Summary: Based on the data and analysis presented below, the tech-heavy Nasdaq is no longer operating according to fundamentals. Returns, profit and greed now run the show.
Much has been made about the Nasdaq’s outperformance relative to other U.S. indices this year. The primarily technology-based index is up over 20% year to date through July 14, 2020 while many other companies struggle to reach their former highs likely seen in February. This large thrust of momentum to the upside in the index shows a stark contrast between now and around 4 months ago when the Nasdaq was down near 40% for the year. This turbulence has caused the index to skyrocket far above its 200-day moving average; a metric many traders and investors consider a staple of gauging longer-term sentiment. Given the magnitude of these gains in the Nasdaq what can we expect from the index going forward?
To answer this question, I first calculated the one-year rolling z-score of the difference between the Nasdaq’s daily closing price and the daily 200-day simple moving average. I then split up these z-scores into 6 different groups as shown by the first table below. After packaging my data into nice definable groupings I was then able to analyze their results to show the average 2-week, 1-month, 3-month, 6-month and 1-year forward returns resulting from the Nasdaq given its z-score placing relative to its 200-day simple moving average.
The table above shows these various average forward returns given the groupings depicted in the earlier table. The occurrences of these groupings represent a positively skewed leptokurtic distribution that one would expect to find when analyzing nearly any major U.S. index over long periods of time. The data does become interesting when you look at the groupings with the highest forward returns over the different time frames. The most positive group in the 2-week and 1-month time frames is where the Nasdaq is pushing far above what would be considered normal from its 200 day.
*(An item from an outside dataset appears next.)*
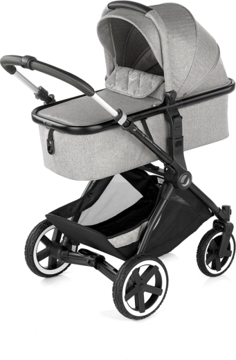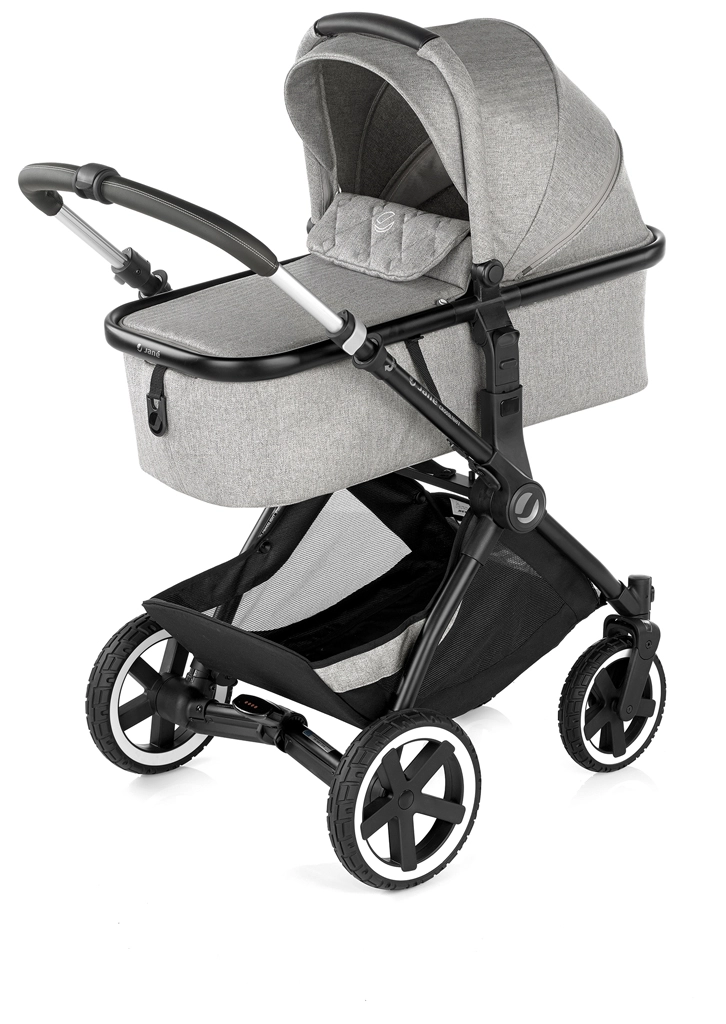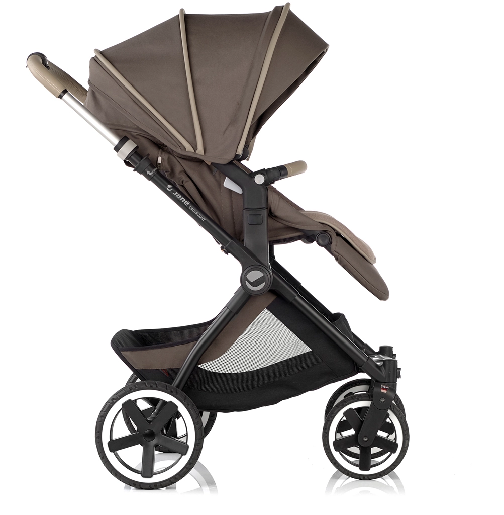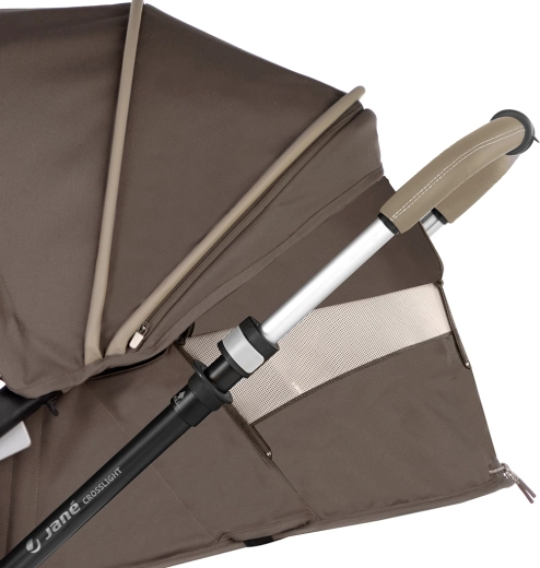 De Jané Crosslight 3-in-1 set combineert het comfort van pasgeborene tot peuter in één pakket. Het lichte aluminium onderstel met voor- en achtervering en hydro PU-banden kan zowel stadsstoepen als onverharde paden aan. Compact opvouwen, een in hoogte verstelbare telescopische duwbeugel en een extra grote mand maken de Crosslight tot een praktische partner voor elke dag.
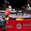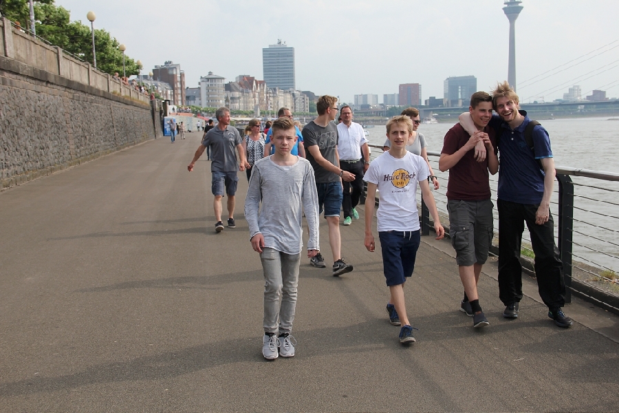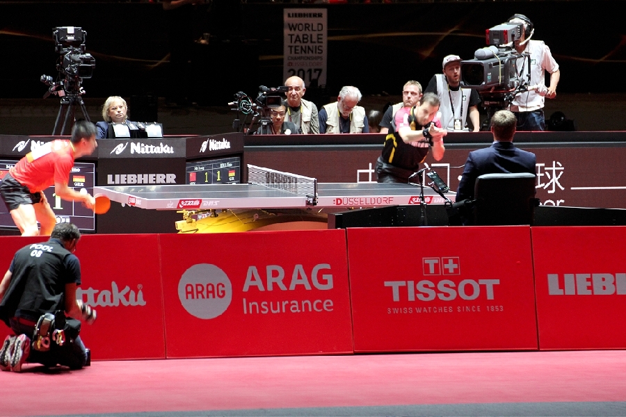 Was macht man wenn die WM vor der Haustür ausgetragen wird? Genau, man fährt hin und schaut sich die Stars mal Live und in Farbe an. Gesagt, getan, so fuhren 13 bunt zusammengewürfelte TTC Mitglieder zum Austragungsort. Quartier genommen in der modernen Jugendherberge direkt am Rhein galt es zunächst einmal die Orientierung finden. Das geht natürlich am Besten vom Schiff aus. Bei herrlichem Sonnenschein ging es zu Fuß zum Anleger und dann mit dem Panorama Schiff ab in den Medienhafen. Nach einer kurzen Nacht machten wir uns per U-Bahn auf zur Esprit Arena. In Messehalle 6 ging es um das Achtel- und Viertelfinale im Herren Einzel. Alle waren sehr gespannt, wie sich unsere deutschen TT-Cracks Boll und Ovtcharov gegen die Übermacht aus Asien wohl schlagen würden. Trotz großartiger Unterstützung des frenetischen Publikums reichte es am Ende knapp nicht für Dima und Timo, zufrieden waren aber alle bei objektiver Betrachtung. Schließlich standen auf der anderen Tischseite der japanische elfte der Weltrangliste sowie die unangefochtene Nummer eins Ma Long, der spätere Weltmeister wie wir heute wissen. Als Sahnehäubchen konnten wir noch das hochklassige Finale der Damen und das Doppelendspiel der Männer bestaunen, wenig überraschend eine Sache von Asiaten unter sich. Und am Ende standen die Chinesen wieder ganz oben auf dem Podest. Die Stimmung war super und das Rahmenprogramm konnte sich auch sehen lassen. Ein toller Tag fand beim lockeren Zusammensitzen und TT-Fachsimpeln einen gemütlichen Ausklang. Von den Eindrücken werden die Teilnehmer noch lange zehren und vielleicht hat der eine oder andere ganz genau zugesehen und etwas bei den Weltstars des Tischtennis für sich abgeschaut.

Conversely, over the 3-month, 6-month, and 1-year time frames the most positive group is the first one, where the Nasdaq is considerably lower than its 200-day given a one-year historical context.
The easiest way to summarize these differences is to imagine that the 2-week and 1-month averages tend to be driven by momentum while the longer time frames are seemingly more driven by long-term valuations and mean reversion ideologies. This is not to say that the longer time frames don’t experience momentum. The 6th group is still the second most positive category when analyzing these lengths of time. They simply don’t matter as much in the long run.
To better visualize what types of returns we can expect from the Nasdaq, as well as each of our self-created z-score groups, I have created this scatter plot shown above. This chart takes each of our data points split into their respective groups and plots it against their 1-year forward returns. The linear black line in each group’s column shows the current trend in accordance with its least squares residual. The x axis for each group’s column is also different to get a better understanding of the clustering of data.
As you can see based on the trend lines in groups 1 and 6, they have an inverse relationship. When the Nasdaq is already far extended above the 200 day, it has historically continued to further extend itself and, in return, gives way to some of the largest 1-year forward returns we see in this study.
Consequently, when we are already at a -2 standard deviation beneath the 200 day, going any lower means that we are more and more likely to have a more violent reversion to the mean. In other words, when things are bad, things seem to either get better slowly or get worse before getting much better in a hurry (sound familiar?..cough cough.. March of 2020).
While the powers that be in the investment industry mandate that I must tell you that history is no guarantee of future returns, I ask you this: Do we have a better metric of which to go by? Sure, nothing in life is guaranteed other than Ghislaine Maxwell’s impending suicide, but written history provides us with the data we use to propel our society forward. What this data tells me is that we are now entering a phase of the Nasdaq where fundamentals are out the window. Returns, profit and greed now run the show and if you stand in the way of these things you may just be the next up to be canceled.